### Exercise prompt
The response should repeat word for word every line below from the one with "친구에게도 먹어보라도 권하고, 친구도" to the one with "Another early start", inclusive, and nothing else; leave pictures out.

### Provided entries
************

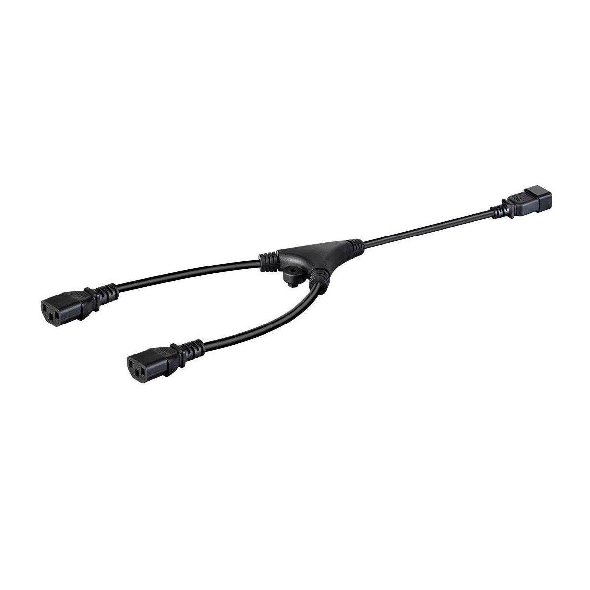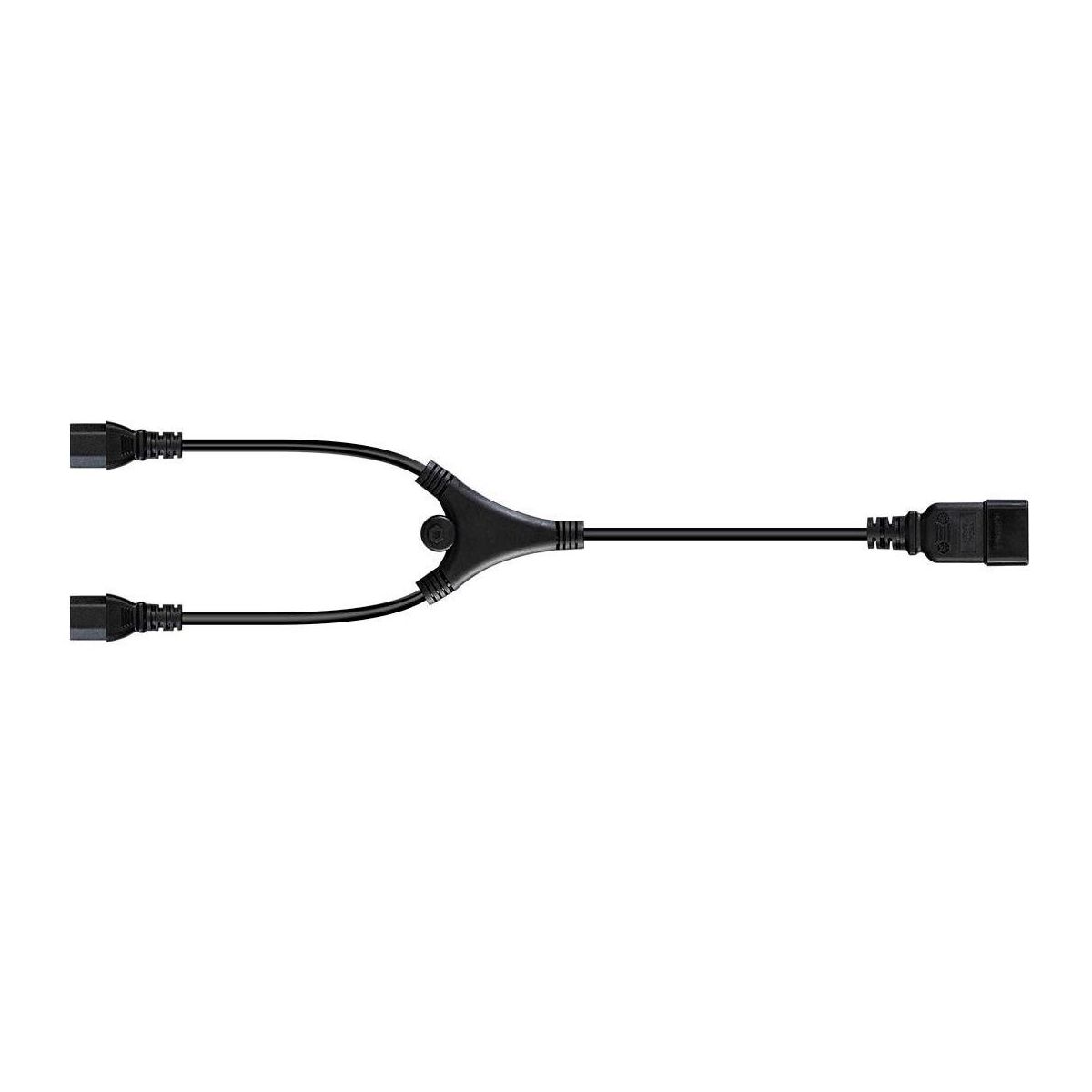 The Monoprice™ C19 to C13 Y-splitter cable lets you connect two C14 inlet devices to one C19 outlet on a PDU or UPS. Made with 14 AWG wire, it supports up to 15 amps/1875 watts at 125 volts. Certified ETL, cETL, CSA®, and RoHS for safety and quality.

************

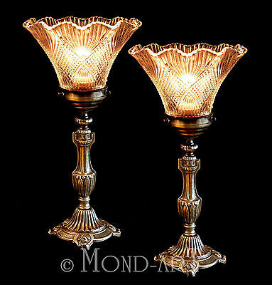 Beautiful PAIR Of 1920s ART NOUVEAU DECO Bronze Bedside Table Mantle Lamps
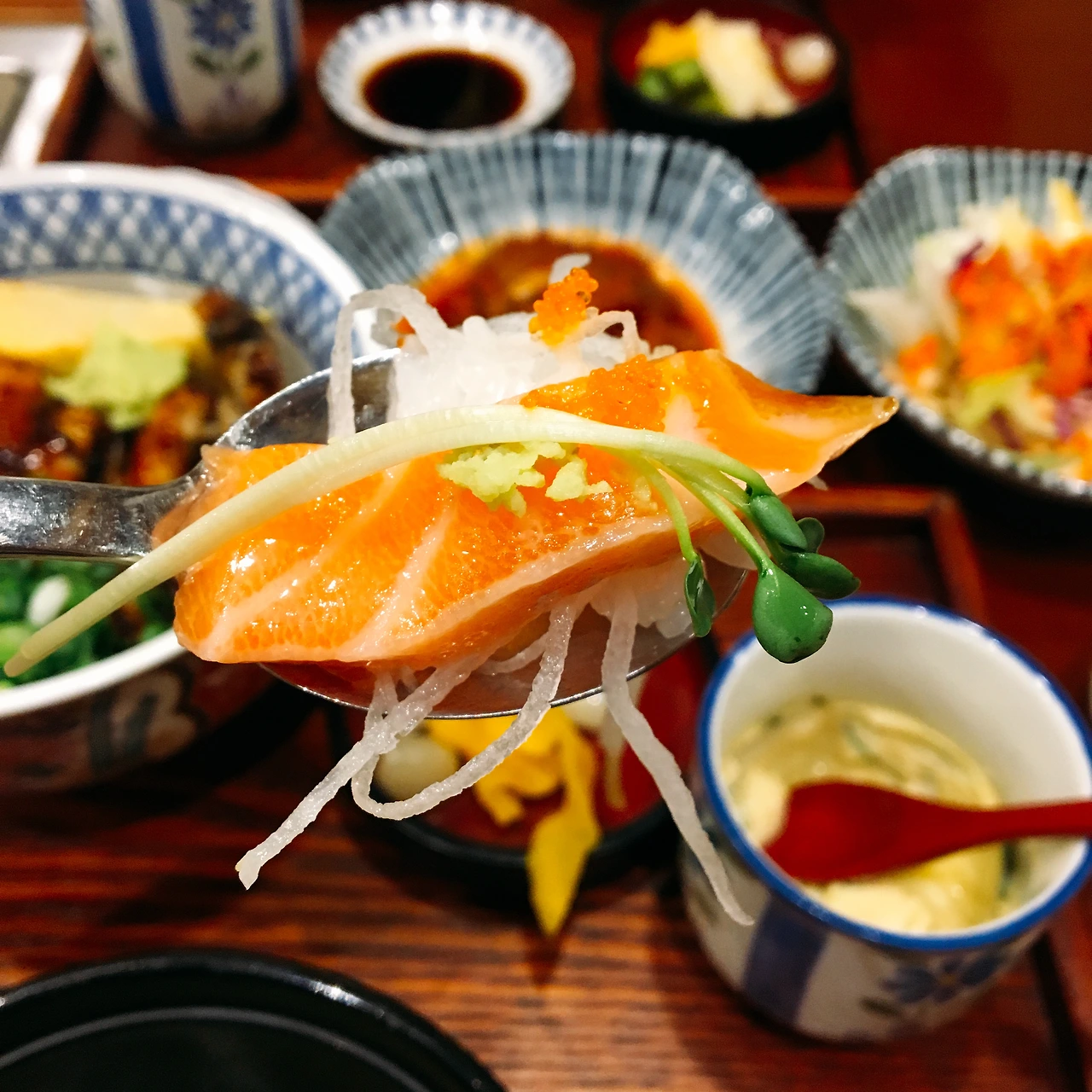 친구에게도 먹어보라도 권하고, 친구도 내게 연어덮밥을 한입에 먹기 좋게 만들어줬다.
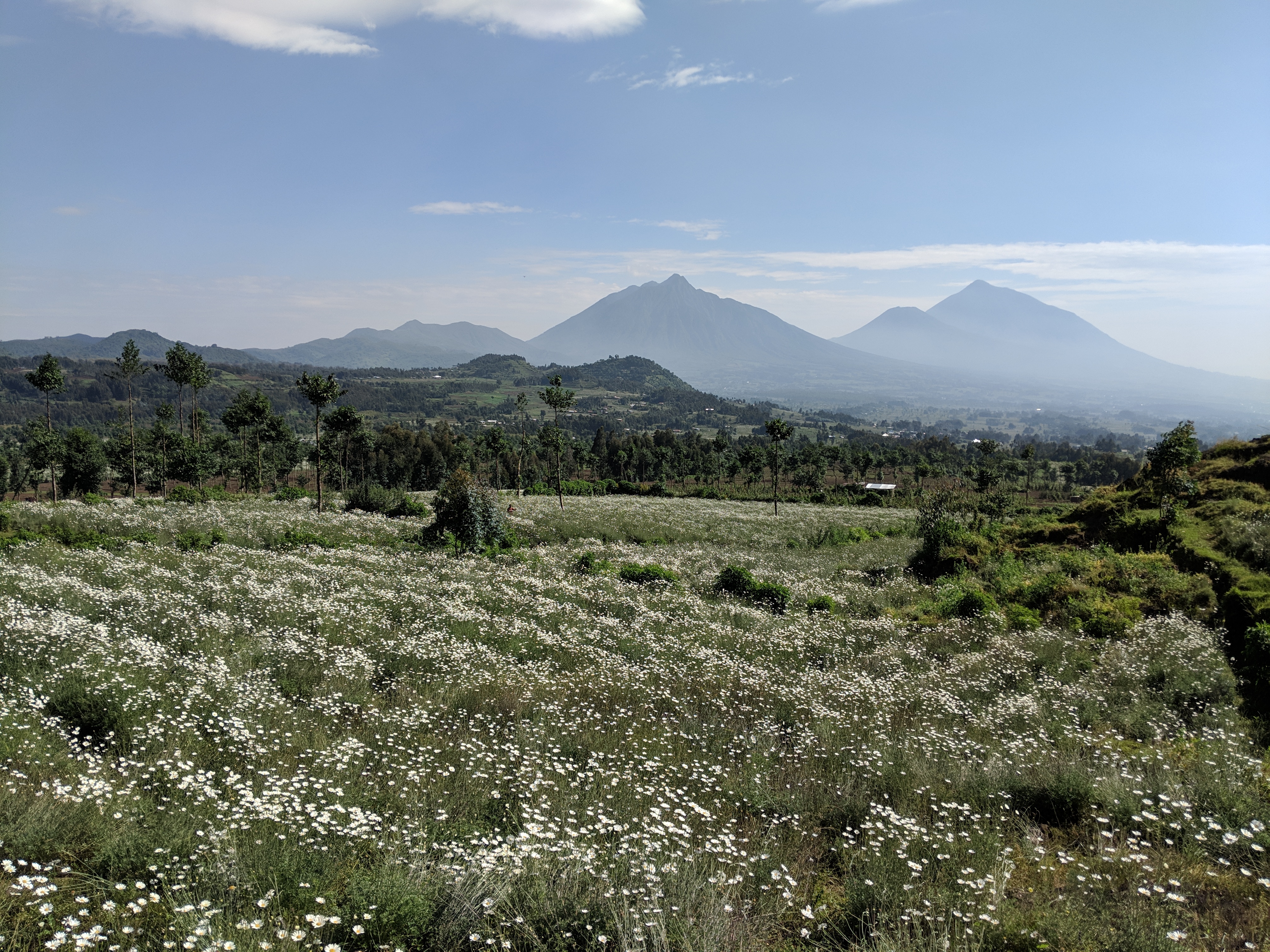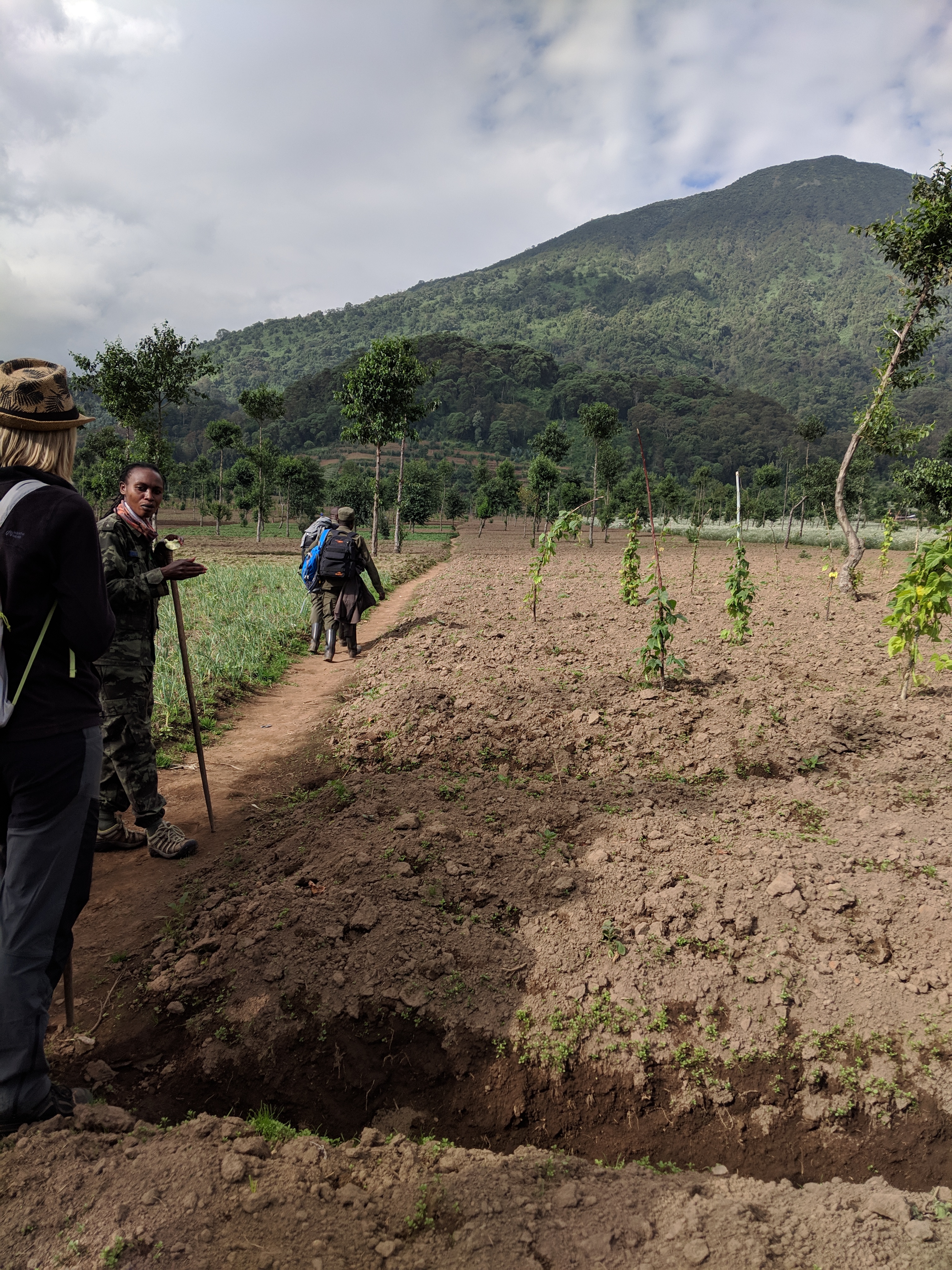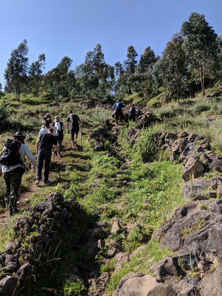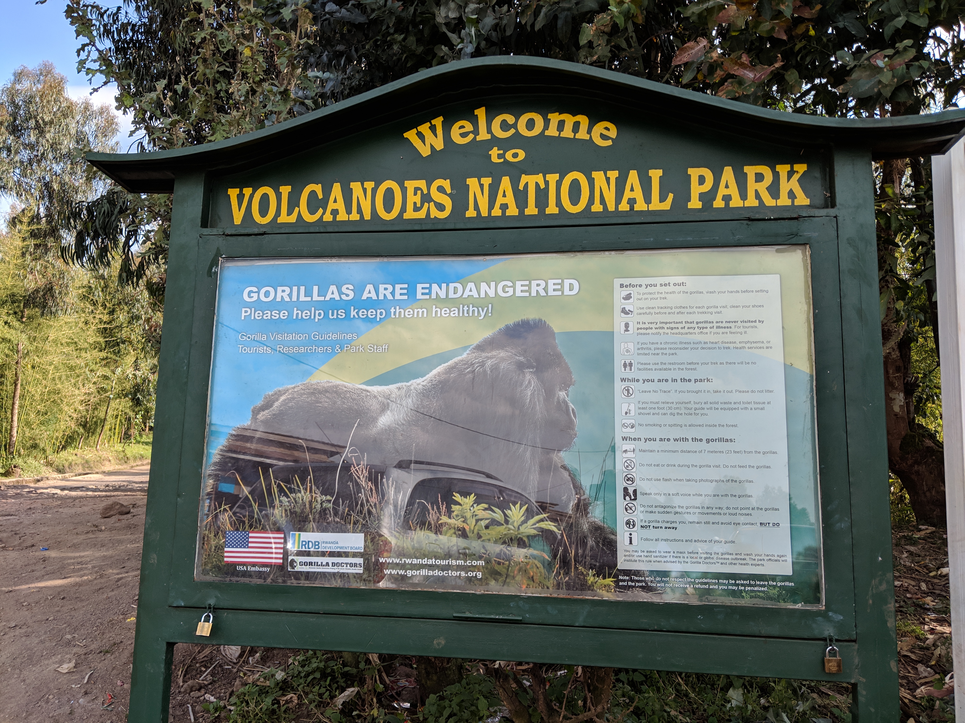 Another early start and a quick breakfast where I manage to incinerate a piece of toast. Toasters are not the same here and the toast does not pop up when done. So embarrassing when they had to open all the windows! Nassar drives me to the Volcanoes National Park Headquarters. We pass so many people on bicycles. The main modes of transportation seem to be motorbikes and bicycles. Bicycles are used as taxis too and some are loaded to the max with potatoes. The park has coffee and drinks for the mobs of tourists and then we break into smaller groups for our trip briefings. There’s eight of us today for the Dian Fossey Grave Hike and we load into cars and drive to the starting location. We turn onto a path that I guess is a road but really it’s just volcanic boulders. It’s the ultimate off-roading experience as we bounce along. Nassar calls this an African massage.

************

### Your response
 친구에게도 먹어보라도 권하고, 친구도 내게 연어덮밥을 한입에 먹기 좋게 만들어줬다.
 Another early start and a quick breakfast where I manage to incinerate a piece of toast. Toasters are not the same here and the toast does not pop up when done. So embarrassing when they had to open all the windows! Nassar drives me to the Volcanoes National Park Headquarters. We pass so many people on bicycles. The main modes of transportation seem to be motorbikes and bicycles. Bicycles are used as taxis too and some are loaded to the max with potatoes. The park has coffee and drinks for the mobs of tourists and then we break into smaller groups for our trip briefings. There’s eight of us today for the Dian Fossey Grave Hike and we load into cars and drive to the starting location. We turn onto a path that I guess is a road but really it’s just volcanic boulders. It’s the ultimate off-roading experience as we bounce along. Nassar calls this an African massage.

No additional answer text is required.